Inaugurata lo scorso 28 settembre con una grande cerimonia ufficiale per concludersi a metà di ottobre, dopo venti giorni di apertura e oltre 500.000 visitatori, la mostra organizzata da INTERNI con la Tsinghua University nell’ambito della prima Beijing International Design Triennial e curata da Gilda Bojardi con Yang Dongjiang, professore della Academy of Arts & Design del prestigioso istituto universitario di Pechino, ha riscosso un grande successo di critica e di pubblico offrendo la cultura del design internazionale, le sue sinergie e affinità tematiche al largo pubblico. Molte possono essere nel complesso e multilineare paesaggio del design internazionale contemporaneo le interconnessioni concettuali, i rimandi e i confronti che si attivano osservando progetti e prodotti che compongono la mutevole scena dei linguaggi del mondo del design.

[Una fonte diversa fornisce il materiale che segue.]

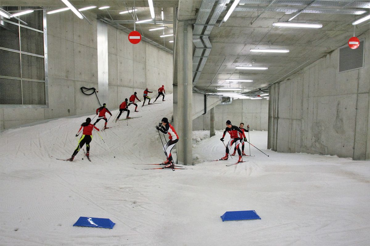 Germany joined Finland and Sweden in offering year-round indoor cross-country skiing and biathlon in 2009. The 1.23km long tunnel provides for an exciting and varied 2 km long trail invites professionals and enthusiasts alike to test their skills with gradients and slopes of up to 12% and a constant temperature of -4 °C.
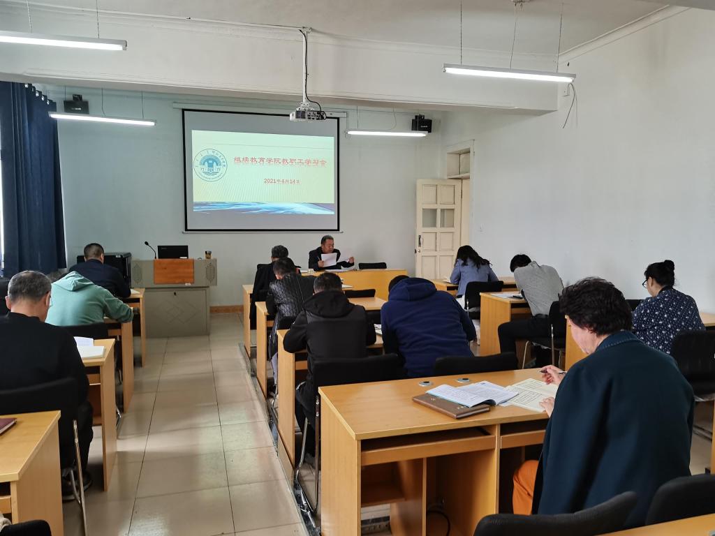 4月14日,继续教育学院召开全体教职工学习会。

Nella mostra “Creative Junctions” sono state cinque le categorie individuate, che hanno permesso di creare un confronto visivo, materico e compositivo, tra una serie di progetti di design selezionati tra Oriente e Occidente. Una sorta di design ping-pong (rappresentato a livello visivo e metaforico dalle migliaia di palline da ping-pong arancioni sospese alle strutture espositive costruite nell’ingresso del Museo) che intendeva interpretare e restituire in forma di percorso espositivo coinvolgente il concetto cinese del termine “REN”, riportato nel titolo della prima edizione della Beijing International Design Triennial (“REN: Good Design”) di cui la mostra “Creative Junctions” è stata parte integrante. Il termine “Ren” nella cultura cinese possiede vari significati, quello assunto per la prima Triennale del design di Pechino ha sottolineato in sintesi il valore della relazione tra gli uomini e la necessità del proficuo confronto tra le loro idee declinate per l’occasione nel tema del design, concetto che la mostra “Creative Junctions” ha fatto proprio. Gli oggetti e gli accessori, gli arredi e le lampade selezionati ed esposti anche in forma di creative e spettacolari ‘installazioni’, sono stati organizzati in diverse zone tra loro interagenti per affrontare in modo diretto alcuni temi di riferimento declinati in cinque sezioni principali. Il tema della corrispondenza tra idea progettuale del designer e capacità artigianale e industriale dell’azienda di riferimento (
CREATIVITY< > KNOW HOW) è stato proposto come un legame trasversale e continuo che permane nella storia del design di ogni Paese; dall’Italia, dove questo rapporto è la chiave del successo dell’italian design nel mondo, sino all’Oriente in cui l’eredità della sapienza artigianale si miscela con la produzione industriale dei grandi numeri.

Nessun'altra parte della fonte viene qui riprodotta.